Here I will attempt to list the scariest, creepiest, most frightening work that Mr. King has to offer. I will also attempt to embellish the list using free images from Pixabay.
Feeling pigeonholed as just a horror writer after reader backlash against his (excellent) fantasy novel The Eyes of the Dragon, Mr. King got his sweet, savory revenge by releasing Misery, a… horror novel. Take that, readers! That said, Misery is an excellent book, with its pages crawling with the heebie-jeebies; a shiver-inducing tension materializes whenever antagonist Anne Wilkes appears. It’s a testament to King’s ability to write characters that out of all the supernatural monsters and serial killers that he’s created, a lonely nurse is quite possibly the most frightening.
Just After Sunset: Stories
The first of King’s short story anthologies on this list, Just After Sunset collects 13 horrific tales, starting with Willa, the ending of which veteran horror readers can probably guess before the halfway point of the story but is delightfully spooky nonetheless. Other standouts include the not-Lovecraftian but kinda-Lovecraftian N., the enjoyable-but-vile A Very Tight Place, and my favorite, Mute. This collection of bite-sized scares is a great start for those unfamiliar with Stephen King’s short works.
Now, Saint Bernards are generally dogs that are content to sit there drooling while toddlers yank on their ears and tug on their tails, but the titular canine character in Cujo is the stuff of nightmares. Rabid and bloodthirsty, Cujo terrorizes a pair of families in Castle Rock (also the setting for The Body and Needful Things), making readers see old Fido in a completely new and frightening light.
Lisey’s Story is disarmingly sweet; unexpected for a Stephen King horror story. Also unexpected is that one of the main characters in the book is a successful writer and that traits of other characters in the novel include psychosis and other signs of mental illness. Despite this all being completely brand-new literary territory for Mr. King, Lisey’s Story ends up being a great horror book with the perfect amount of romanticism.

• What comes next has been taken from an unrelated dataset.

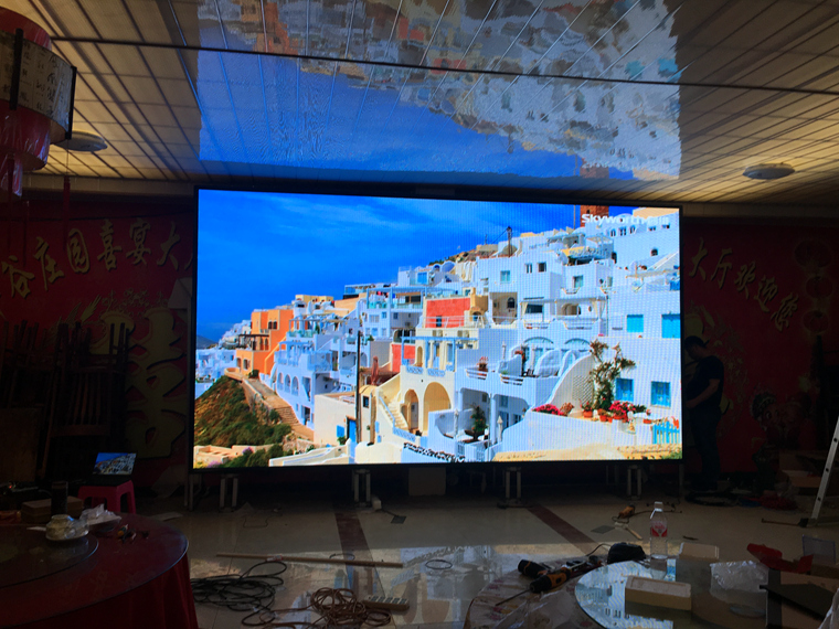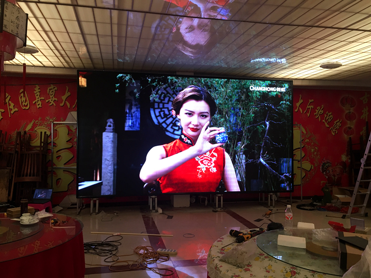 山東省齊河縣豐谷莊園喜宴大廳,室內(nèi)p5,總點(diǎn)數(shù)960×512,單卡帶載點(diǎn)數(shù)192×256,十張接收卡,一張發(fā)送卡完美帶載!

The setting of The Shining — the isolated, empty Overlook Hotel in the middle of a cold winter — isn’t the scariest part of the book. The thing that frightens me the most about The Shining is the slow, methodical build-up, the ratcheting up of tension until the entire hotel seems to drip with something sinister and you can’t help but keep turning the pages until boom, things happen and you inadvertently and spontaneously develop a bunch of new phobias. A truly scary story and one of Stephen King’s best works.
While The Shining‘s scares were accentuated by a slow, anxious accumulation of tension, its direct sequel, Doctor Sleep, has much more vicious and palpable scares. The story follows Jack Torrance’s son, now a grown man and dealing with his own alcoholism and internal demons as he wrestles with his ability to shine; this is an ability, he finds, is not his alone. The struggles are still psychological and there are still ghostly dangers abound, but Doctor Sleep is scary in a much different, non-claustrophobic way.

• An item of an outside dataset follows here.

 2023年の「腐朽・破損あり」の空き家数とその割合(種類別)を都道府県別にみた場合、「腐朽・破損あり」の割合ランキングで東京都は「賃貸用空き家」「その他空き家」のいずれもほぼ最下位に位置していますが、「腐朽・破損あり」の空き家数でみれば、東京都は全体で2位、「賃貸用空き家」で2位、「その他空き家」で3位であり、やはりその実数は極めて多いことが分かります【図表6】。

People find clowns scary. The painted-on smiles, the unnaturally white makeup, the bright costumes — it all speaks to some innate fear that we have. Within the psychological horrors of King’s IT, this fear is compounded by the demon-like mysticism of the titular character. IT is a spooky, spooky book, and is one of Stephen King’s must-read works.
Teenage girls are scary enough, but when you combine their hormone-fueled bodies with supernatural powers, the scare factor reaches a whole new level. Just imagine an emotional teenage girl, give her superpowers, and fill her with rage: this is Carrie. Carrie is all at once a horror novel, a commentary on bullying, and a peek into the lives of high school pre-adults.
For me, the standout story in Skeleton Crew is the novella The Mist, which has been re-published as a standalone edition. The Mist has everything I could ever want from a lovecraftian horror story, with just the right amount of creepiness and tension interrupted periodically by fantastical eldritch monsters. Other great stories are included in this collection, including the not-quite-horror-but-still-horrific The Word Processor of the Gods and two fantastic stories about a psychotic milkman called Morning Deliveries and Big Wheels: A Tale of the Laundry Game.
Just like The Shining, much of ‘Salem’s Lot‘s scares come from a slow, methodical build-up of tension that increases steadily until it reaches a boiling point. ‘Salem’s Lot tells the story of Ben — a writer, of course — in the fictional town of Jerusalem’s Lot as mysterious events unfold. ‘Salem’s Lot is one of King’s best and scariest books.